Gemini 3 Flash Preview
Preview of Gemini 3 Flash. 1M/64k context. Jan 2025.
About Gemini 3 Flash Preview
Google's Gemini 3 Flash Preview is the rare case where "cheaper and faster" also means "better at the hard stuff." It scores 78% on SWE-bench Verified — outperforming even Gemini 3 Pro on software engineering — while costing 4–6x less and generating responses at roughly 218 tokens per second. Users on Hacker News called the experience "truly stunning," and the 99.7% AIME 2025 score backs up the enthusiasm for math-heavy and agentic work. A 1M-token context window means it can hold an entire codebase or lengthy document in a single session. The catch is real and worth knowing: a 91% hallucination rate on knowledge benchmarks means the model confidently invents answers rather than admitting uncertainty. That disqualifies it for fact-sensitive domains like medical, legal, or research tooling — but for coding, prototyping, creative work, and high-volume multimodal pipelines where raw speed and price-performance matter, it's a strong default choice. Still in preview, so expect continued evolution.
Best for
- Code generation and software engineering — 78% on SWE-bench Verified, beating Gemini 3 Pro on real-world coding tasks
- Mathematical reasoning and problem-solving — 99.7% on AIME 2025 makes it reliable for complex quantitative work
- Long document and codebase analysis — 1M-token context handles entire books, repos, or large datasets in one pass
- High-volume multimodal pipelines — native text, image, audio, and video input at low cost per token
- Rapid prototyping and creative content — speed and affordability make it ideal for iterative drafting and brainstorming where perfect factual accuracy is not required
Specs & capabilities
How Gemini 3 Flash Preview stacks up — intelligence, speed, context, and modalities.
Intelligence
High
Speed
Fast
Context window
1,048,576 tokens
Max output
65,536 tokens
Knowledge cutoff
January 2025
Frequently asked questions
What does Gemini 3 Flash Preview cost?
Standard pay-as-you-go pricing is $0.50 per 1M input tokens (text/image/video) and $3.00 per 1M output tokens. Cached input drops to $0.05 per 1M tokens — a 90% discount. Batch processing cuts costs roughly in half.
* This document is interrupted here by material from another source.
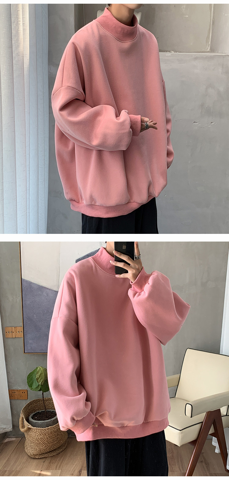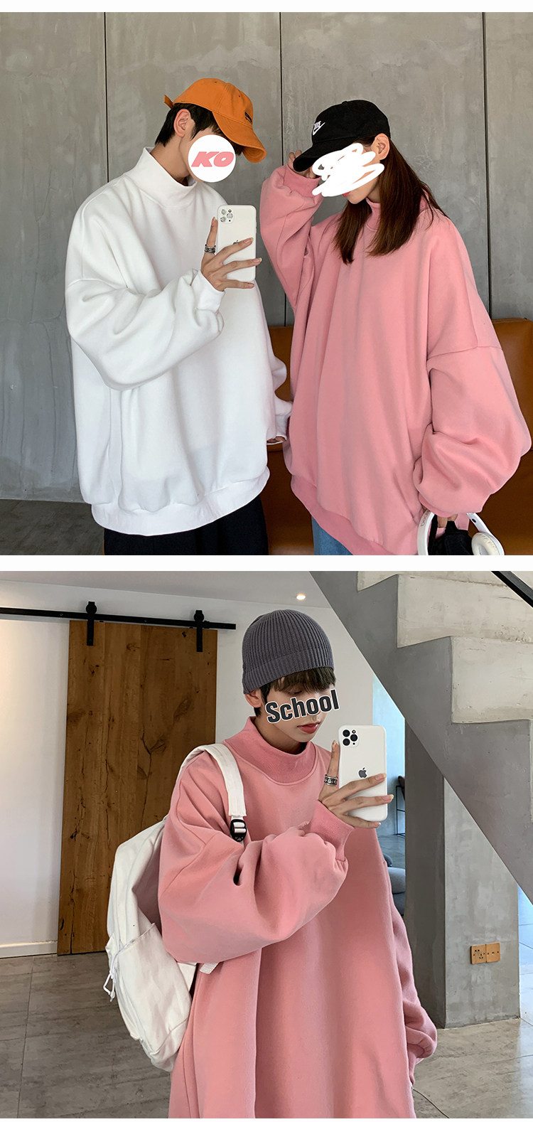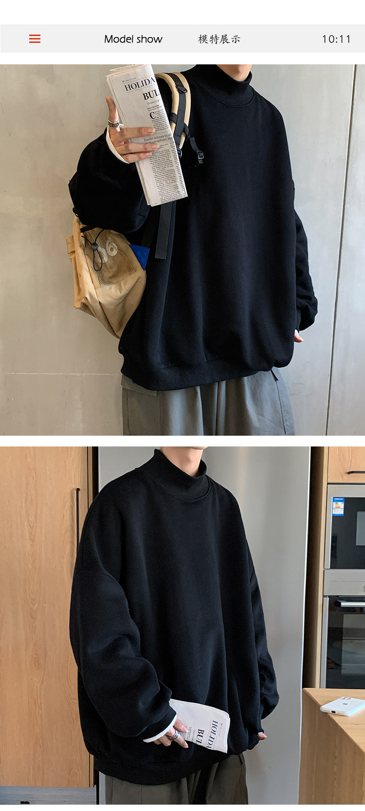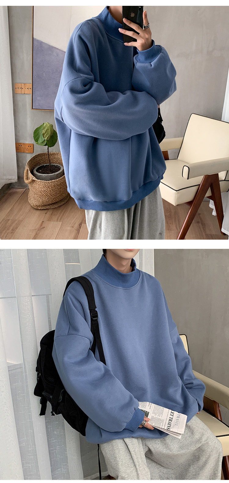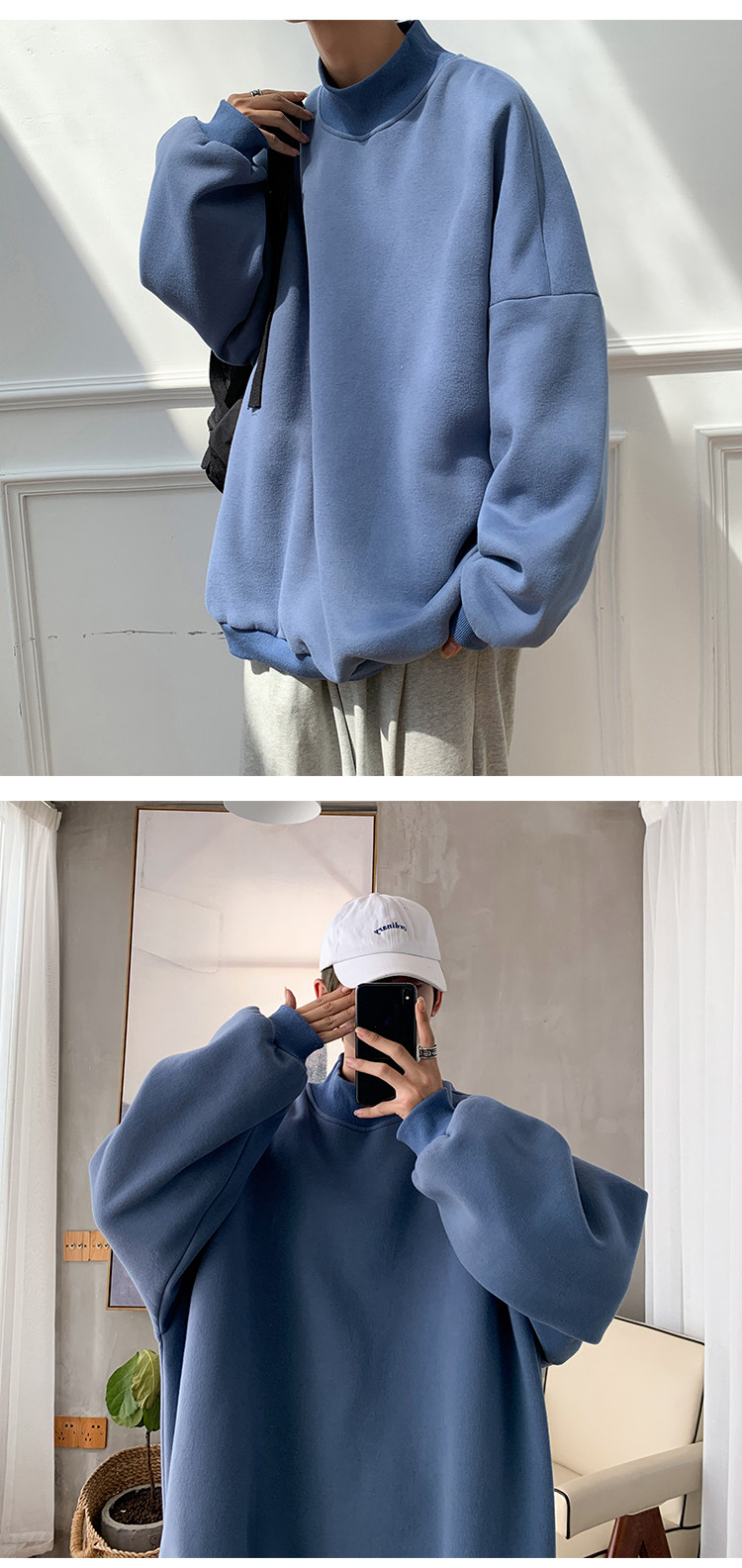 하프 하이 칼라 스웨터 남성용 기모 가을과 겨울 느슨한 홍콩 스타일 모든 매치 오버사이즈 커플 의류

How large is the context window?
1,048,576 tokens (approximately 1 million tokens), with a maximum output of 65,536 tokens per response.
What is the hallucination problem people mention?
On knowledge-heavy benchmarks, the model has a reported 91% hallucination rate — it tends to generate confident-sounding but incorrect answers rather than flagging uncertainty. It is not recommended for medical, legal, or research applications that require factual reliability.
How does it compare to Gemini 3 Pro?
Gemini 3 Flash Preview is 4–6x cheaper and roughly 3x faster than Gemini 3 Pro, and it actually outperforms Pro on SWE-bench Verified (78% vs. lower Pro scores). For most coding and reasoning tasks, Flash is the better value.
Is this model ready for production use?
It is a preview release, so features and stability may change. That said, Google reports it is already processing over 1 trillion tokens per day on the API, indicating substantial real-world deployment.
What modalities does it support?
It accepts text, images, audio, and video as input and produces text and image output. Knowledge cutoff is January 2025.